How do we measure the crystal momenta and the corresponding energies?

Determination of crystal momentum and the corresponding energy seems to be essential for drawing the band structure. What is the principle that is used to measure the crystal momentum and the corresponding energy? Do these experimental values of the crystal momentum lie anywhere between $$-\infty$$ and $$\infty$$, and then folded back into the first Brillouin zone (using the fact that it can be defined modulo a reciprocal lattice vector)?

Please support your answer with mathematical equations, and keep the discussion as simple as possible by adhering to one dimension only, if possible.

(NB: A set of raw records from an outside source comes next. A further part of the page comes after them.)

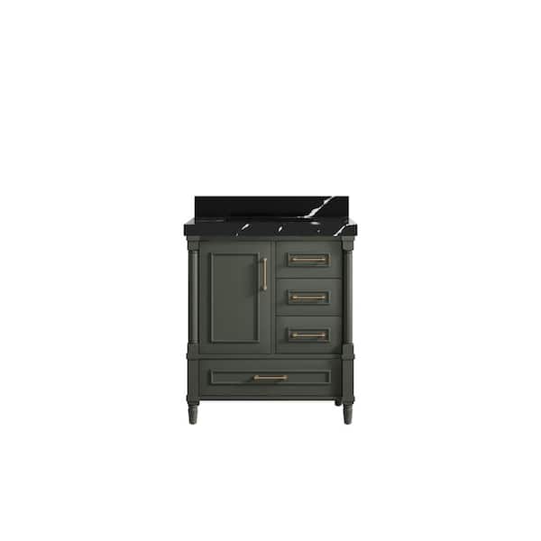 Hudson 30 in. W x 22 in. D x 36 in. H Single Sink Bath Vanity Center Pewter Green with 2 in. Calacatta Black Quartz Top
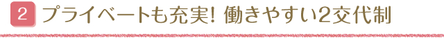 2交代制勤務なので、3交代制のように出勤時間が深夜になることがありません。
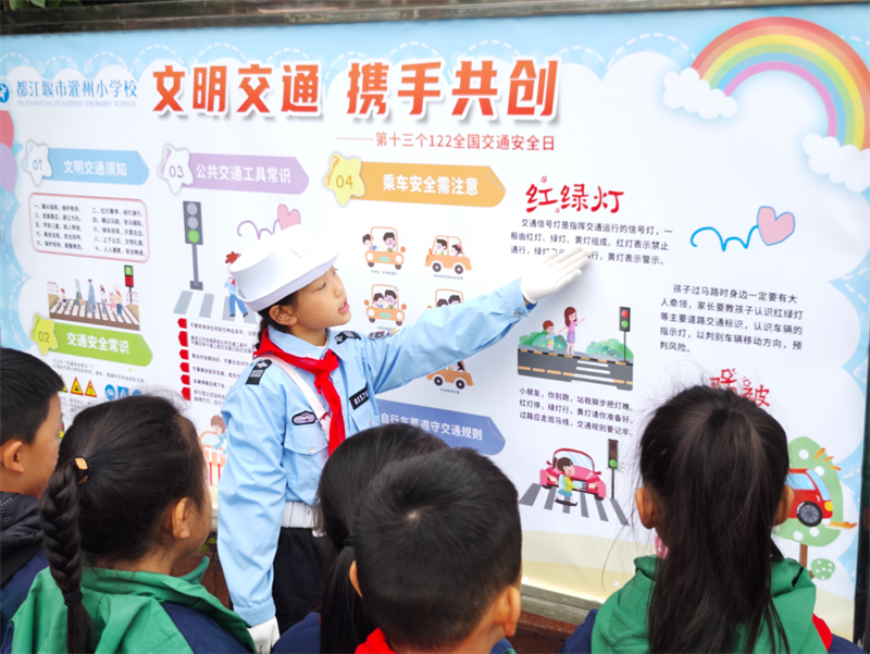 2024年12月,都江堰市李冰小学围绕“文明交通·携手共创”开展“堰小明”交通安全教育系列活动,以学习交通安全知识、增强交通安全意识为目的,积极促进学生学习掌握安全知识的兴趣和意愿。活动中,“堰小明”学生志愿者和五年级部分学生升旗仪式上表演了交通安全专题节目《消失的信号》,向全校学生强调了日常生活中信号灯和信号标志的重要性。都江堰市公安局交警大队洪警官专程到校,针对李冰小学周边交通实际情况进行了安全教育。全校各班级也利用班会课等形式开展了“文明交通·携手共创”的主题活动,一起制作了交通安全知识小报,在提高动手能力的同时,将交通安全知识牢记于心。

Part of the point of crystal momentum is that is hard to measure all the different forces acting on the electron in the crystal. It would be nice to simplify the effects of the crystal into something like a billiard ball model where F=ma or its equivalents and treat the electron as a particle in the crystal. So thinking of the electron wave-packet having a crystal momentum $$\hbar k$$ and the electrons having an 'effective mass' helps do that. Essentially we are wrapping all the dirty complicated stuff into the momentum and saying we have an effective particle like a plane waves with a crystal momentum, and are just treating it as a particle. Then we can think of things as an electron gas, or particles as having properties like mobility, and measure the response to applied electric or magnetic field in ways that can be consistent with our macroscopic measurements. Of course the system is quantum mechanical and electrons follow Femi-Dirac statistics and that has to be considered.

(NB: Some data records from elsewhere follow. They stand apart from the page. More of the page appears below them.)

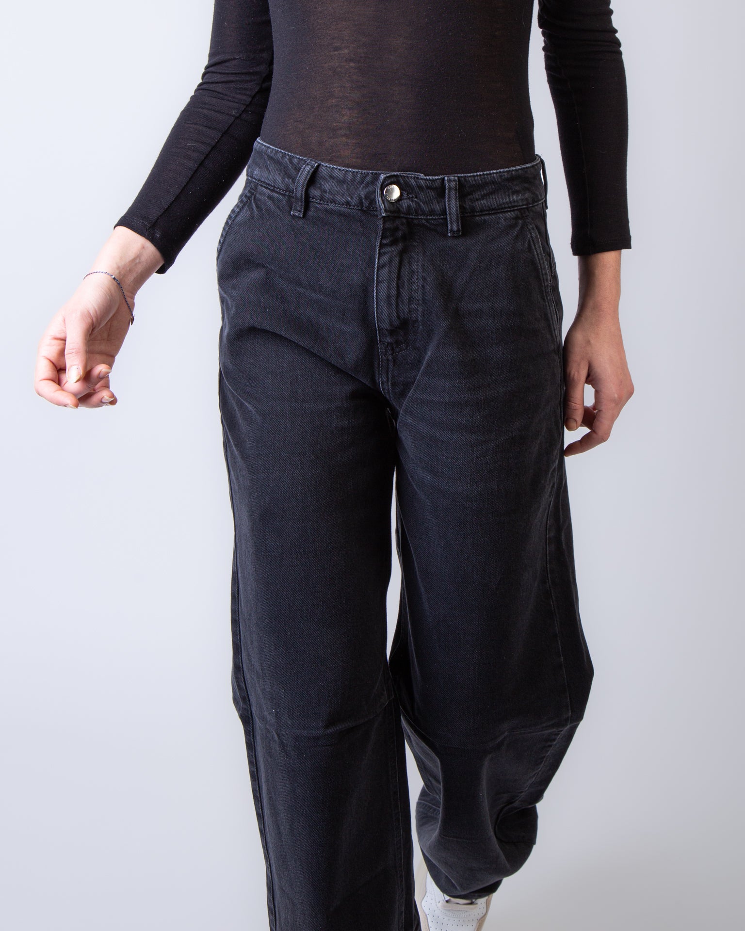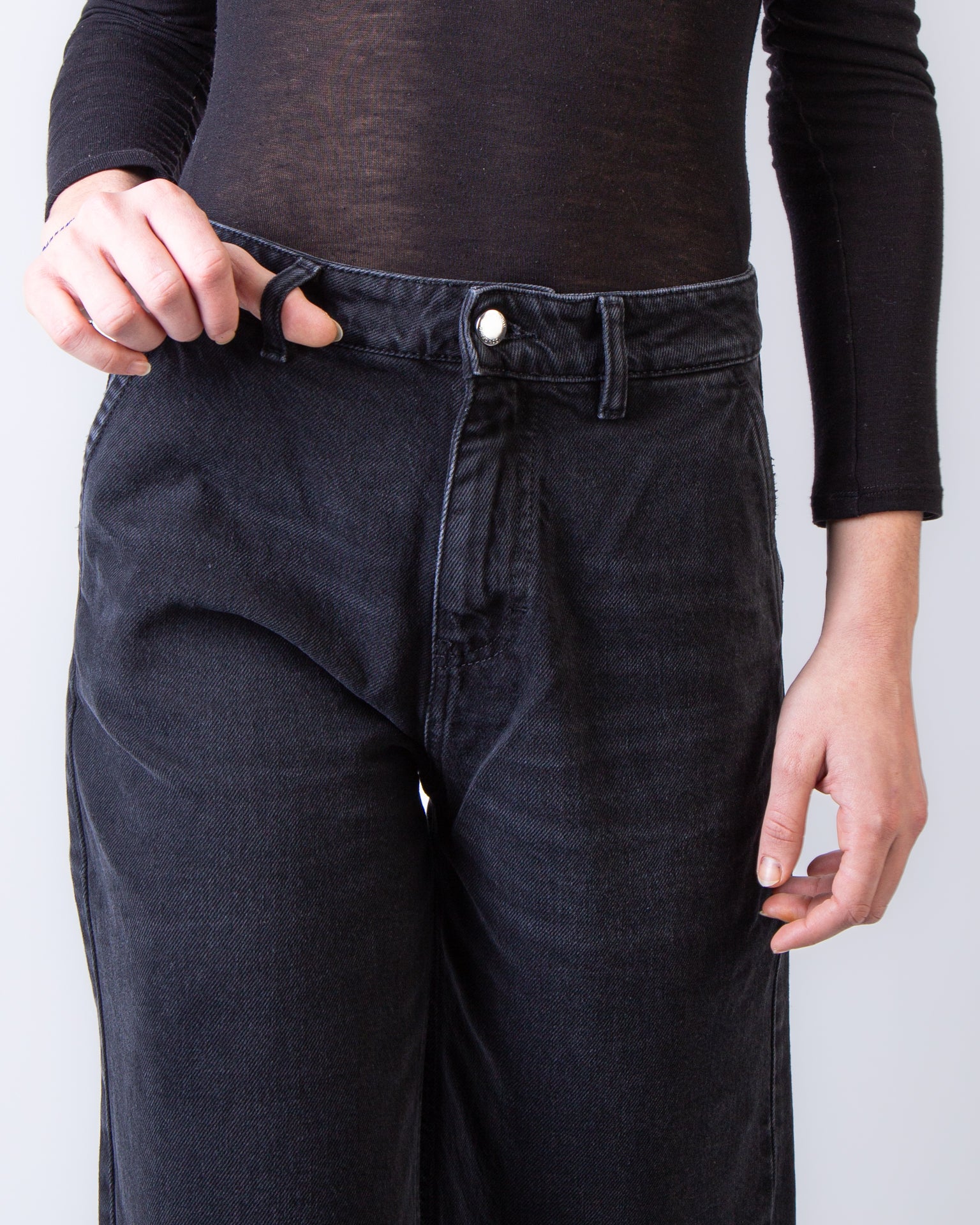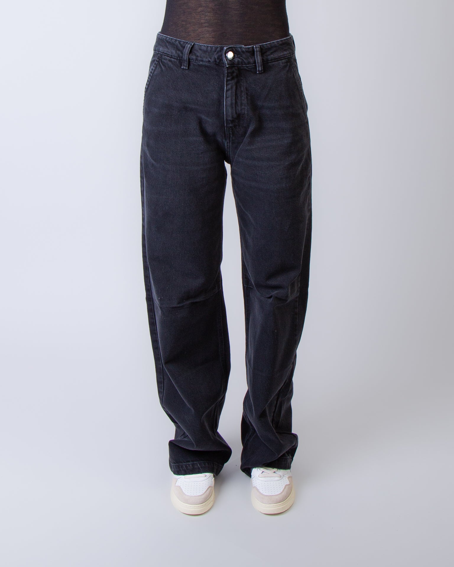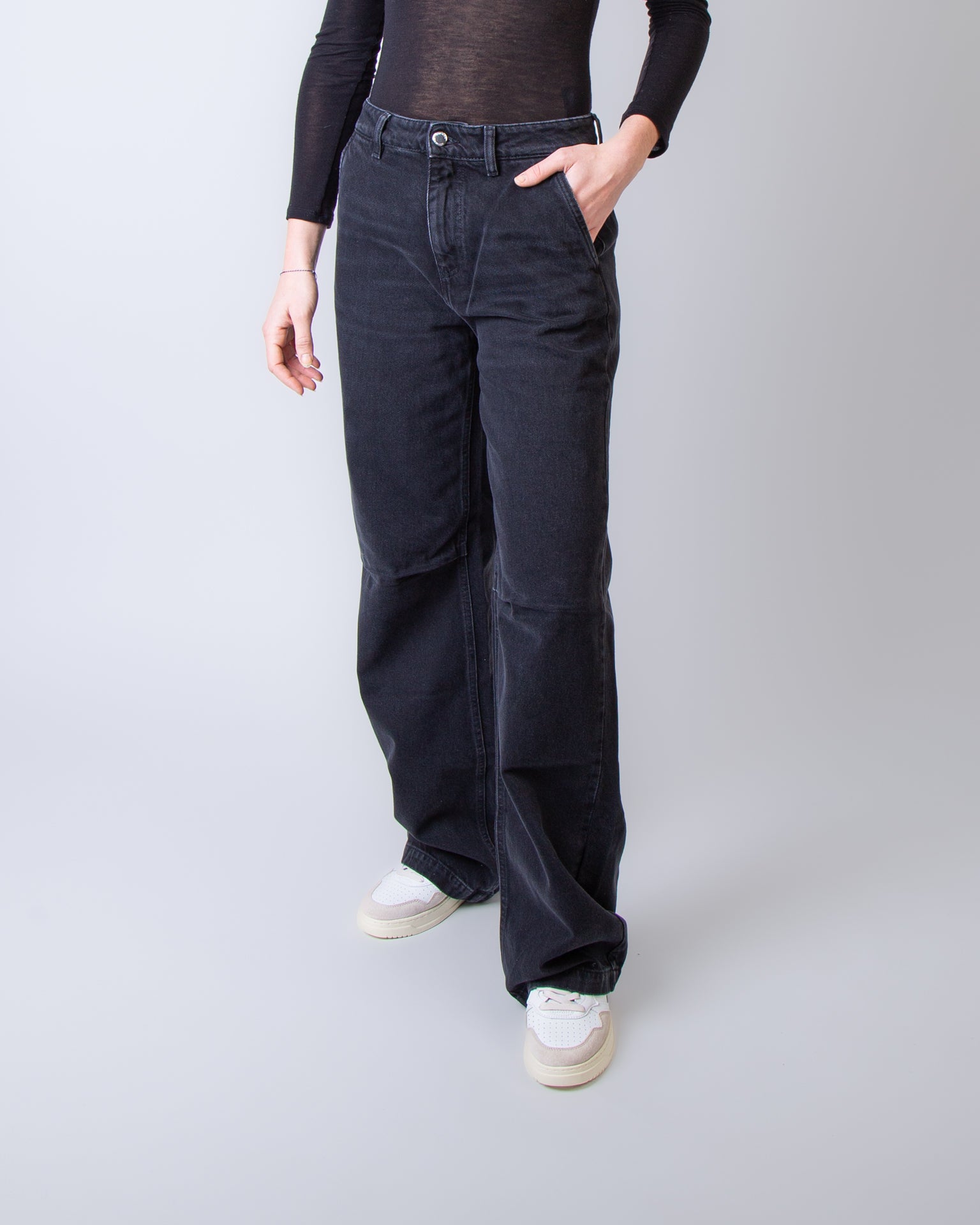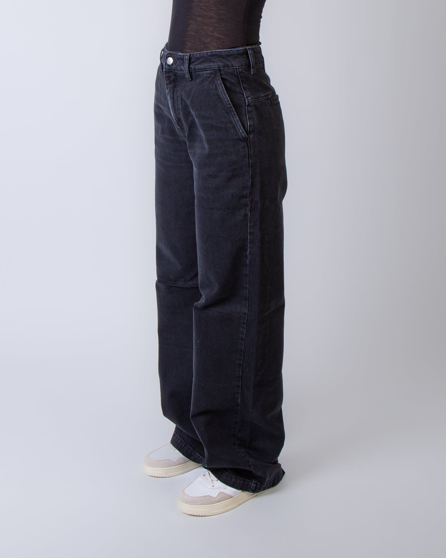Icon Denim, jeans donna AVA GR8764GREY grigio, denim, vestibilità over, passabtu per cintura. La modella è alta 175 cm e indossa una taglia 26
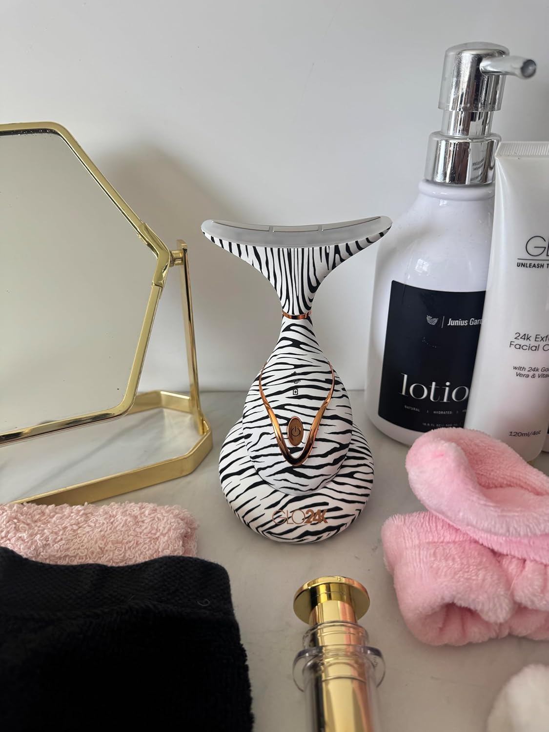 - Glo24k red light beauty device for face and neck—a soothing, at-home step for jawline and neckline care as part of your daily routine.
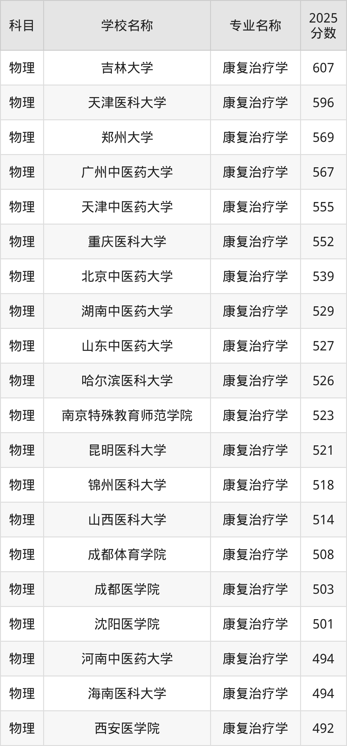 通过上文大家可以知晓,在内蒙古自治区内招康复治疗学专业的院校数量较少,所以下文将为2026届高考生继续展示:自治区外大学的康复治疗学专业2025年在内蒙古高考的录取情况,包含吉林大学、天津医科大学、郑州大学、广州中医药大学、天津中医药大学。

When we consider the crystal that the electron as a wave can travel through, the periodic nature of the potential implies that the solution needs to be periodic, (Bloch's theorem). If we send the electron waves in different directions we have different solutions. However in practice, the momentum space we can explore in experiments, and the number of allowed states that are filled in a band are somewhat limited. This is convenient since it often allows us to assume all the action is happening near the minimum of a conduction band or near the maximum of a valence band. But from a theoretical point of view we can solve the crystal for a wide range of energies and for a wide range of momentum, even if it is hard for an electron to fill a state in experiment.

The point about calculation of the band-structure is somewhat important. It is a known problem that depending on the technique that while the dispersion E(k) can be calculated, where along the energy axis the curves should be placed can be a problem. So experimental data is used to help lock down the band structure so it corresponds to reality. Similarly, some things like the ordering of the valence bands and their properties can be hard to figure out, so experimental measurements including those as a function of temperature are useful for seeing how good the band structure model is. The free electron band structure model, being different than a tight binding model, being different than something that includes spin orbit coupling, or more sophisticated density functional models etc.

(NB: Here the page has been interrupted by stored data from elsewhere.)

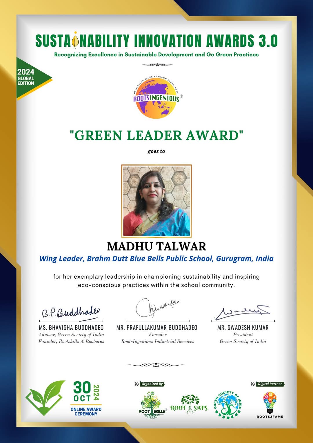 The Sustainability Innovation Awards 3.0 organised by Root Skills, Root Sap, Green Society of India, and Roots2Fame is a celebrated platform that shines a spotlight on groundbreaking efforts to build a greener future. This virtual event recognizes trailblazing leaders and institutions that inspire transformative change across sectors.
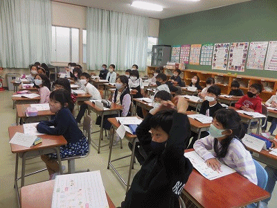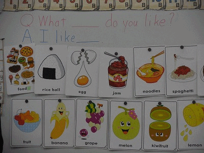 「What 〜 do you like ?」「I like 〜.」を覚えました。英会話を聞き取って正しい組み合わせを線でつなぎました。また、ペアで相手の回答の予想を書いて、実際に英語で質問して確認しました。
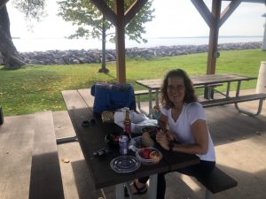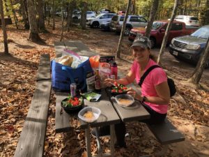 Our list of helpful foods and supplies to take: 2 plastic bowls with lids (to make big salads for each person), plastic silverware for each person, loaf of whole grain bread, natural peanut butter, homemade or store-bought granola, bag of mixed nuts and dried fruit (to use as a salad topping), garlic chili oil (we are in love with this one from Trader Joe’s), fruit (such as apples and oranges), and aged balsamic vinegar (to use as salad dressing). Having these items allowed us to buy greens on the road and throw together a salad and peanut butter sandwich at picnic areas so we could enjoy nature and being outside while having a quick and easy – and healthy – lunch.
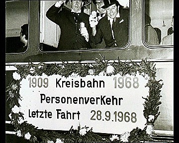 Ab 1962 kamen auch Dieselloks auf der Kreisbahn zum Einsatz und der Kohletransport stellt auch heute noch eine rentable Einnahmequelle für die Kreisbahn dar. Ab 1921 setzet man im Personenverkehr auch Triebwagen ein, die teilweise Eigenbauten der Kreisbahn waren. Den größten Boom erreichten die Kreisbahn nach dem 2. Weltkrieg durch die Hamsterfahrten, so wurden von 1946 bis 1949 7 Mio Menschen mit der Kreisbahn befördert. Ab 1953 gingen die Fahrgastzahlen stetig zurück, durch die zunehmende Motorisierung und ein stetig ausgebautes Busnetz im Kreis Moers, damit war das Ende des Personenverkehrs vorprogramiert. Als die Moerser Kreisbahn ( KMV ) 1967 in die Niederrheinische Verkehrs AG ( NIAG )aufging war das Ende bereits beschlossen und am 28.9.1968 wurde der Personenverkehr ganz eingestellt, bis dahin wurden insgesamt ca. 50 Mio Menschen befördert.

For example: Photoluminescence can give the energy of band edge one way, but a transmission measurement may give the absorption edge corresponding to the band gap a different way. Hall mobility as a function of temperature, device mobility, or conductivity measurements (thermal or electric) all give information that could inform the nature of the band structure. Again usually around local minimums. Cyclotron resonance for example can map out the fermi-levels and map out the fermi-surfaces as a function of frequency helping to understand the band structure of metals. Similarly different techniques to find where defect states are located are mostly energy dependent measurements rather than measuring momentum in the crystal.

One exception is angle resolved photo-emission spectroscopy. There using a tunable light source changing the energy, and angle you can have a probe of the surface up to a certain depth and fill different states. Then measuring energy of the emitted electron and the direction to get its momentum (in the vacuum where is free of the influences of the surrounding crystal) where you can map out both energy and momentum as a function of angle. If this is plotted with E on the vertical axis and k (momentum) on the horizontal axis this corresponds to the band structure.

Currently there is a lot of interest in topological materials and APERS is pretty useful experimentally seeing how the calculated band structure matches real material properties.

You can also have other band structure like photonic materials, plasmonic or metamaterials and probe them as function of energy, by changing the frequency of the light or electromagentic wave, and by changing the angle change the momentum. Doing this you can also try to map out the dispersion curve of E(k) corresponding to the 'band structure'.